Source: IE
Context:
The Central Government is set to introduce the Higher Education Commission of India (HECI) Bill 2025 in the Winter Session of Parliament.
This comes five years after NEP 2020 recommended a single higher-education regulator to replace the fragmented system of UGC, AICTE, and NCTE.
About the HECI Bill 2025
A single regulatory authority proposed for higher education (excluding legal and medical education).
It aims to merge the functions of:
- University Grants Commission (UGC)
- All India Council for Technical Education (AICTE)
- National Council for Teacher Education (NCTE)
Aims of the Bill
- To streamline and unify India’s higher education regulatory system.
- To implement NEP 2020’s vision of a transparent, less intrusive, and integrated regulatory framework.
- To eliminate jurisdictional conflicts and overlapping functions among UGC, AICTE, and NCTE.
- To promote autonomy, accountability, and quality enhancement in higher-education institutions.
Key Features of the HECI Bill 2025
Single Higher-Education Regulator
- HECI will oversee all higher education except medical and legal fields.
- Technical education and teacher education regulatory functions will shift under HECI.
Four Vertical Structure (as prescribed in NEP 2020)
i.
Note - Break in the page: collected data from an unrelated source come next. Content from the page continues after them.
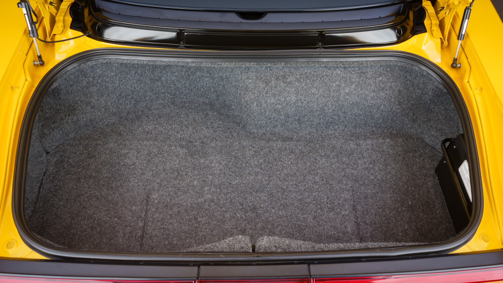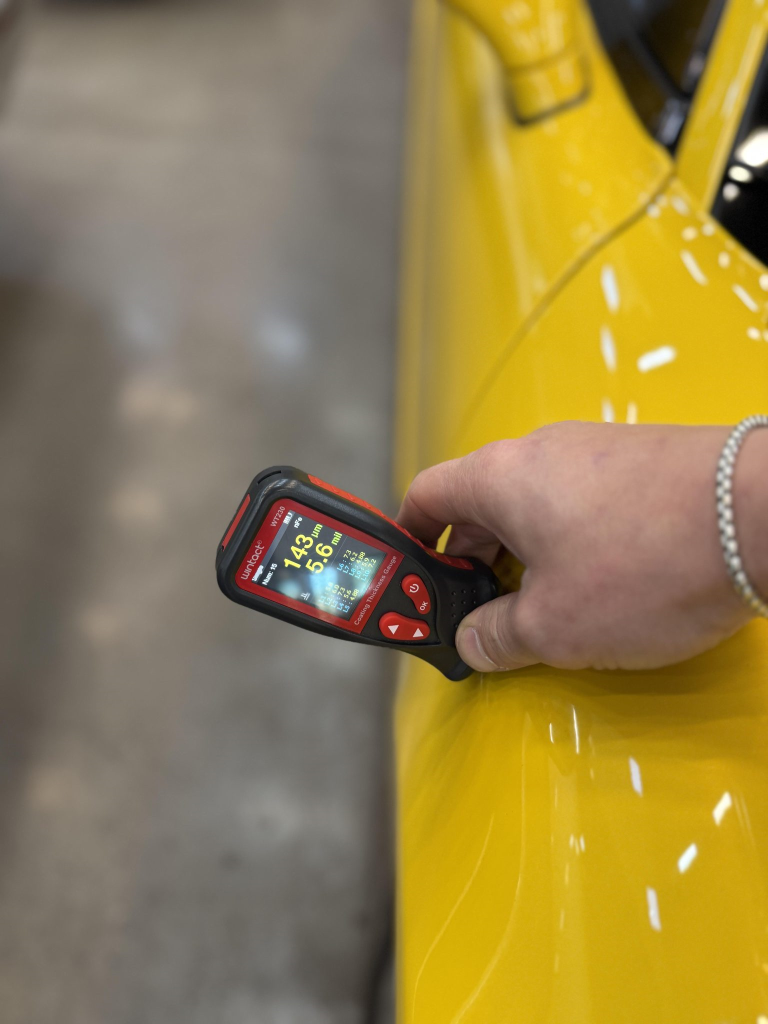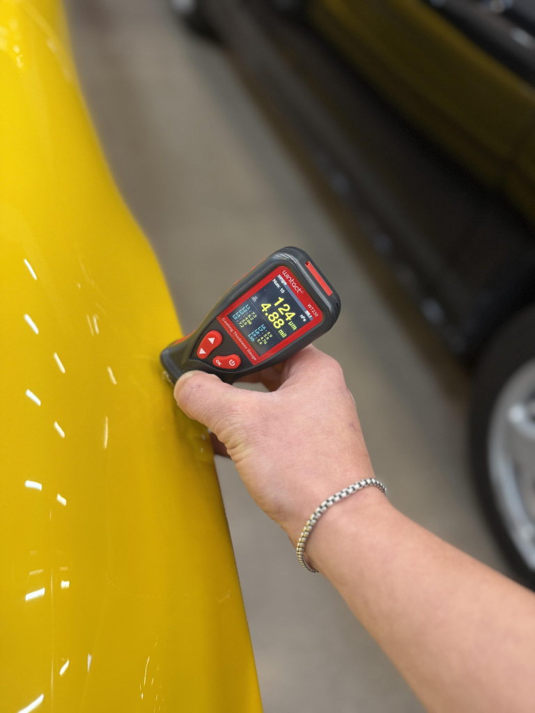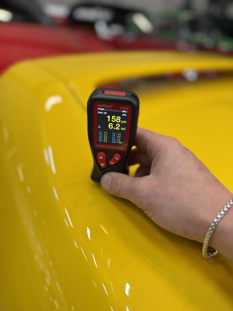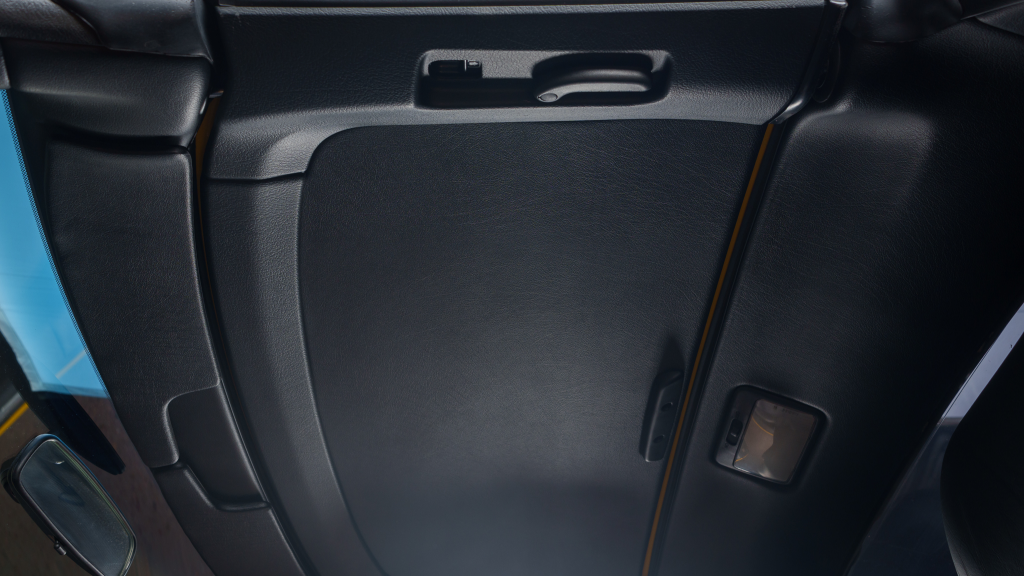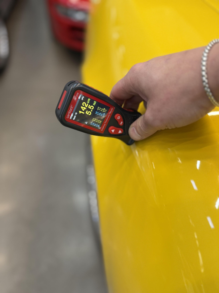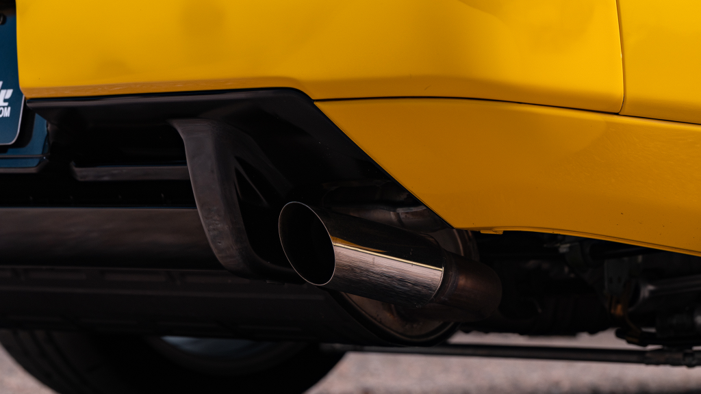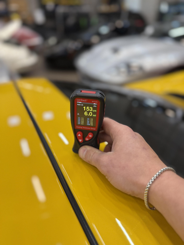 The NSX featured aluminum bodywork, and this example is finished in Spa Yellow Pearl with a body-color removable roof panel. Features include pop-up headlights, an integrated rear wing, side air intakes, power-adjustable side mirrors, and dual exhaust outlets. A ceramic coating has been applied to the body, the trunk struts were replaced in October 2024, and a replacement front spoiler was fitted in July 2025. Paint meter readings are provided in the gallery.
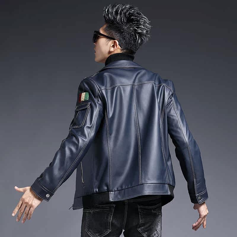 Henning genuine leather leather clothing male tide 2019 youth turned over sheep leather Outer cover Korean version of men's locomotive leather jacket handsome
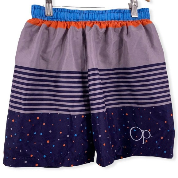 Op stripe dot swim trunk large. Pull on swim trunk Built in brief Elastic waist Very good preowned condition Waist 12.5" Inseam 5"
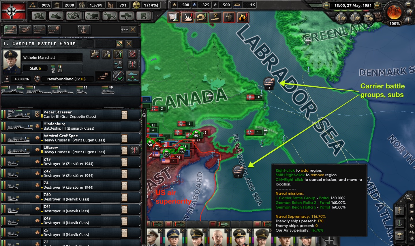 We already enjoy full naval superiority in the Atlantic and around the coastal areas we occupy in Canada, so these ships are not desperately needed at the moment. However we cannot approach the American east coast from the sea, as they have air bases everywhere and will punish us from the skies. The US now enjoys the same advantages we did during Sealion.
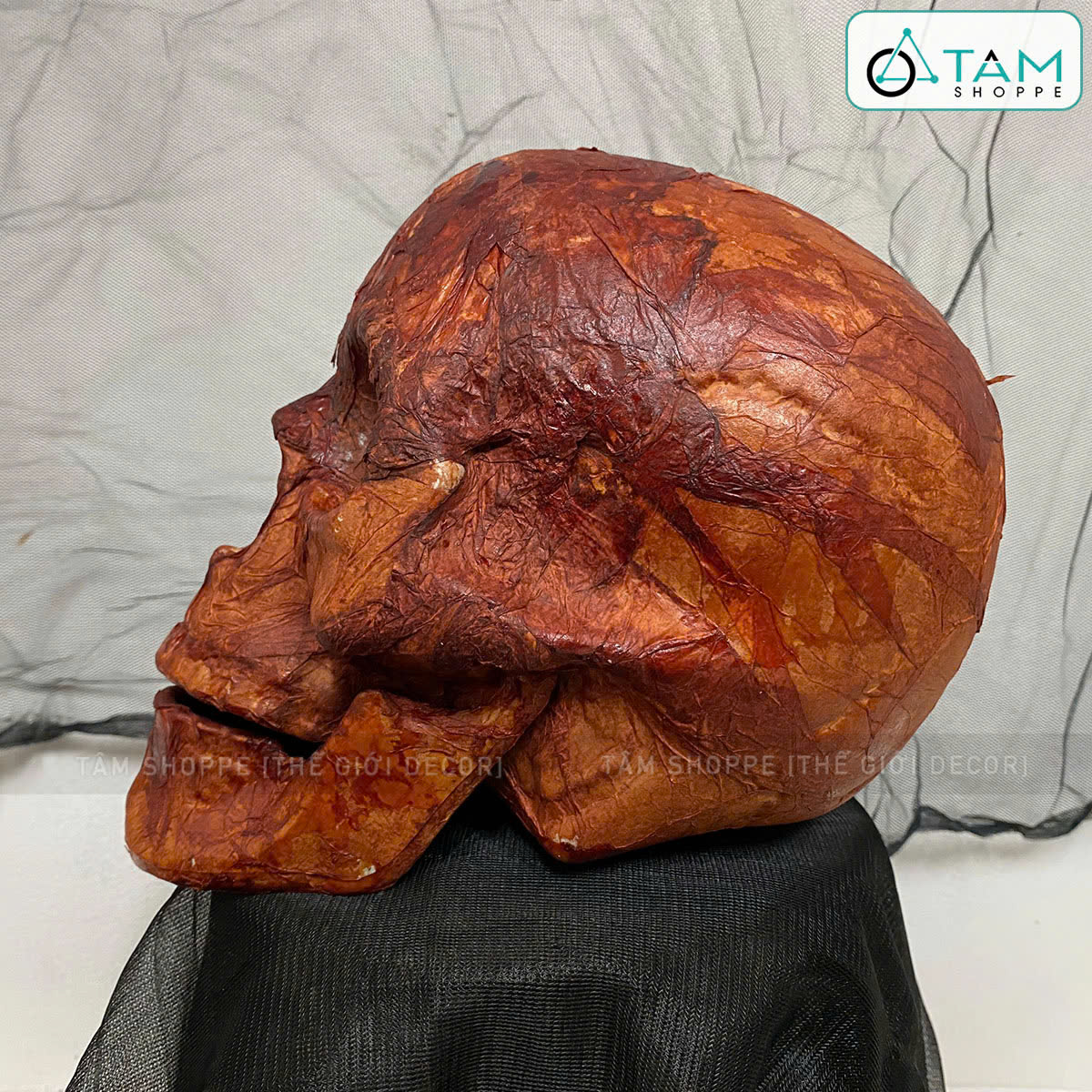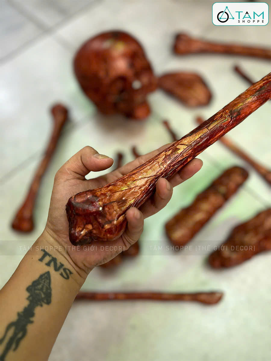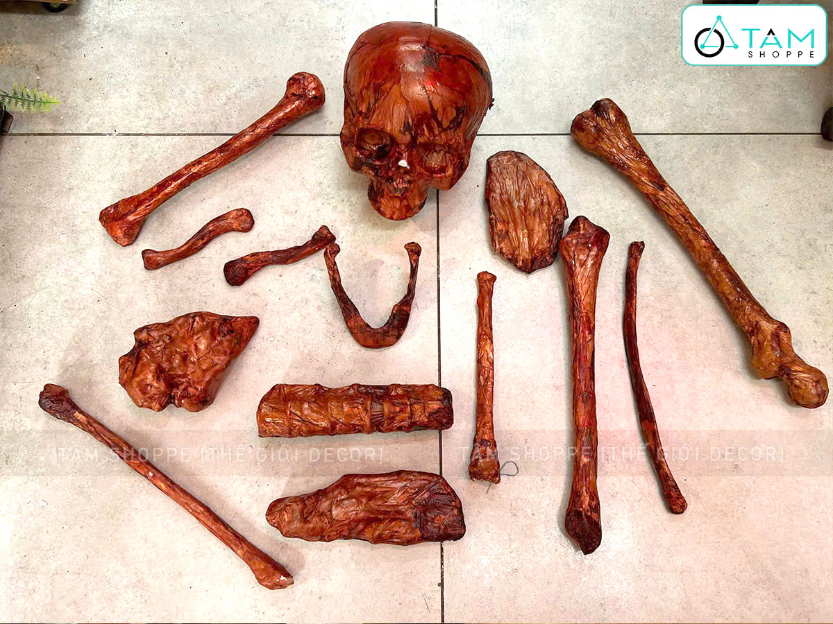 Mô hình xương làm bằng nhựa, quấn giấy mỏng bám sát và sơn màu giả máu khô trông kinh dị như thật.
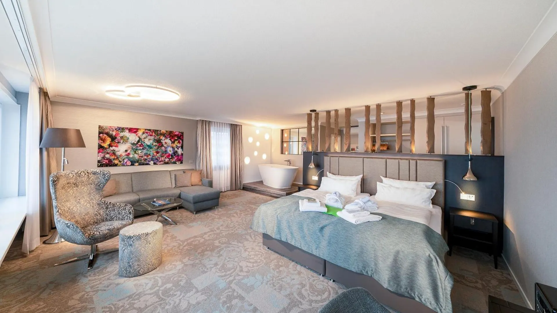 Alle schallisolierten Zimmer im Badhotel Sternhagen verfügen über einen Flachbildfernseher mit Satellitenkanälen und WLAN sowie eine Minibar für die Selbstversorgung. Sie sind im hellen Design eingerichtet. Sie verfügen über eine Wellness-Badewanne und eine begehbare Dusche sowie über viele zusätzliche Annehmlichkeiten, darunter ein Haartrockner und Badelaken. Von einigen Zimmern aus öffnet sich ein Blick aufs Meer.

National Higher Education Regulatory Council (NHERC)
- Handles regulation, compliance, and approval processes.
ii. National Accreditation Council (NAC)
- Responsible for accreditation, quality evaluation, and performance benchmarks.
iii. General Education Council (GEC)
- Sets learning outcomes, curricular standards, and academic frameworks.
iv. Higher Education Grants Council (HEGC)
- Manages funding mechanisms.
- However, the Ministry of Education may retain final funding authority, as per earlier drafts.
Independent, Expert-Driven Governance
- Each vertical will function autonomously.
- Composed of professionals with expertise, integrity, and domain experience.
- HECI itself will be a small, high-level coordinating commission.
Reduced Red Tape & Clear Separation of Roles
- Resolves long-standing issues of:
- Overlapping powers of UGC–AICTE–NCTE
- Conflicting notifications
- Cumbersome approval processes
- Introduces functional separation across:
- Regulation
- Accreditation
- Funding
- Academic standard-setting
Autonomy for Higher Education Institutions
- Facilitates self-governance and academic freedom.
- Stronger accreditation → greater institutional autonomy.